● Material provided
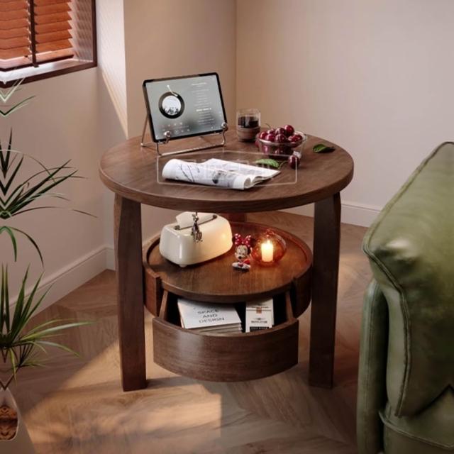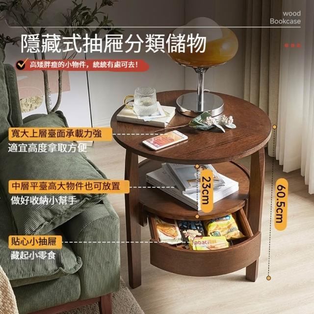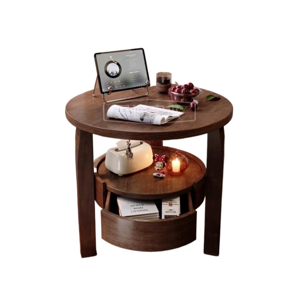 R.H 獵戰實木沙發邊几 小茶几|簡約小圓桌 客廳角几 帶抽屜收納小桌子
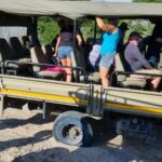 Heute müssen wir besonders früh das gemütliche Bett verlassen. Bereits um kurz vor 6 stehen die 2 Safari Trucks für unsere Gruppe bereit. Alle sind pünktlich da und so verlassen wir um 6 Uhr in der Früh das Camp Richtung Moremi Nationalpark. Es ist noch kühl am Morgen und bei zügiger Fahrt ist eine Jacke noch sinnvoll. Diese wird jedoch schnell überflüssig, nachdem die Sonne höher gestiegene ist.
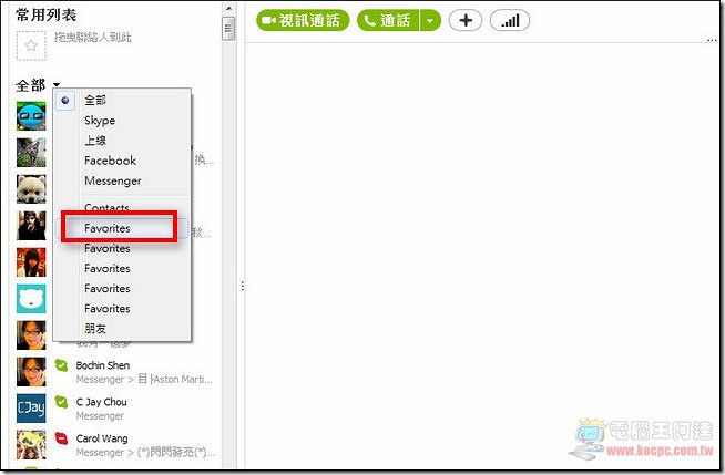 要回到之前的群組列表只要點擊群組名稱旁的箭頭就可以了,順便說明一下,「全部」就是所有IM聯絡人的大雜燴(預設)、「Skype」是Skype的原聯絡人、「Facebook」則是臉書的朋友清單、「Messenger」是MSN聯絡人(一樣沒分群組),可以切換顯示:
---
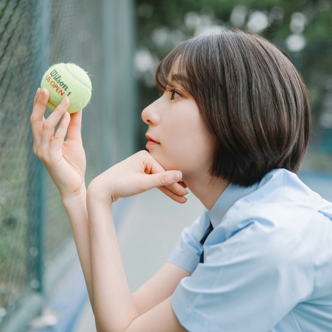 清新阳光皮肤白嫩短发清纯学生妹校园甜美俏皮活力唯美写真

● What is being asked
Nothing but the lines above, starting at the line that contains "Heute müssen wir" and ending at the line that contains "要回到之前的群組列表只要點擊", should be given again, exactly and without the pictures.

● Answer for this exercise
 Heute müssen wir besonders früh das gemütliche Bett verlassen. Bereits um kurz vor 6 stehen die 2 Safari Trucks für unsere Gruppe bereit. Alle sind pünktlich da und so verlassen wir um 6 Uhr in der Früh das Camp Richtung Moremi Nationalpark. Es ist noch kühl am Morgen und bei zügiger Fahrt ist eine Jacke noch sinnvoll. Diese wird jedoch schnell überflüssig, nachdem die Sonne höher gestiegene ist.
 要回到之前的群組列表只要點擊群組名稱旁的箭頭就可以了,順便說明一下,「全部」就是所有IM聯絡人的大雜燴(預設)、「Skype」是Skype的原聯絡人、「Facebook」則是臉書的朋友清單、「Messenger」是MSN聯絡人(一樣沒分群組),可以切換顯示:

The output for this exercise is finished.